Caesar has a couple obvious things going for him. He's Italian, which ups his badass quotient quite a bit. The Roman empire was a hugely influential empire, and I think we see a little more of that today. I mean shit, even Latin still has relevance, just look at all of its roots in our language.

Shakespeare also felt a need to take time out from writing about pussy Englishmen to write an account of Caesar's fall.

Plus, Caesar took about forty stab wounds to be killed. The man was gangsta, and he went out as such.

7 comments:

Anonymous said...

Susan B. Anthony. Women aren't smart enough to vote or run for president. That crazy floozy started all this nonsense about equal rights for men and women when we all know that women have a brain 1/3 the size of a man's. It's science. Because of Susan B Anthony we have those stupid crappy silver dollars which are way less convenient than a bill and men have to worry about things like "sexual harassment." It's really inconvenient and makes the work place much less fun. Good thing that glass ceiling is holding up well.

Anonymous said...

Leonardo da Vinci. Everyone makes such a fucking big deal about the Mona Lisa and the Last Supper when in truth they are not all that groundbreaking. If you ask me, both paintings are fug. While he was a creative and imaginative inventor, the majorities of his ideas never left is sketch pad. And the whole writing backwards thing is really creepy. I love a good classic piece of art like the next person, but do I really need to see another Madonna and Child? Not to mention all his faces look the same. For someone who studied anatomy so thoroughly, you'd think he'd understand that the human facial structure varies from person to person. And now because of the whole Da Vinci Code saga everyone thinks he was genius. Too bad everything in that book is FICTIONAL and has NO historical basis whatsoever. I know I'm not going to win this one but damn it, Da Vinci sucks cock.

Anonymous said...

Pope John Paul II.

Sure, he seemed like a nice enough man, and as Pope he certainly made some important social impact.
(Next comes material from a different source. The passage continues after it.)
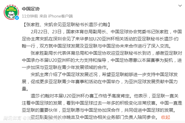 据悉,2月22日、23日,国家体育总局副局长、中国足球协会党委书记张家胜,中国足协主席宋凯在深圳会见了来华参加U20亚洲杯相关活动的亚足联秘书长温莎-约翰一行,双方就中国足球发展及亚足联与中国足协未来合作进行了深入交流。

But the man was head of an organization that allowed the rapes and molestations of countless young children, and not only was there no punishment, but Priests were allowed to go on like nothing happened.

In reality, the time period he presided over will end up being looked at as an era where many Catholics lost faith in an institution that is supposed to guide them, all while the church further reinforces bullshit like no birth control, an anti-homosexual agenda and sexism (as seen in the refusal to allow women priests), instead of progressing with the world.

Nicole Cammorata said...

Jesus Christ. I think Jesus is the most overrated historical figure.
A letter to the Lord:
Your teachings may be the best-selling book of all-time, but it's all a lot of hot air if you ask me. SUPPOSEDLY, you could walk on water, turn said water into wine, and perform other miracles such as, oh I don't know, starting a religion or something. Oh yeah J-man? I'll believe these so-called "miracles" when I see them. Any asshole can start a religion - just ask L. Ron Hubbard. Dude wrote a book, too. A couple of them. You don't see ME praying to L. Ron every night though. So you're the son of God, and seated at the right hand of the Father and all that crap. Well until you rise again to judge the living and the dead, I say: you're overrated.

Anonymous said...

damn dude...I thought mine might be a little sacrilegious, but you're going straight to the source, huh?

I like. That's some high quality hate right there. Silky Johnson would even be impressed.

O-Train said...

Sacagawea.

I not 100% sure what she's famous for, but she didn't deserve a gold coin.

Becca said...

Christopher Columbus. Dumbass didn't even find the right continent. Asshat.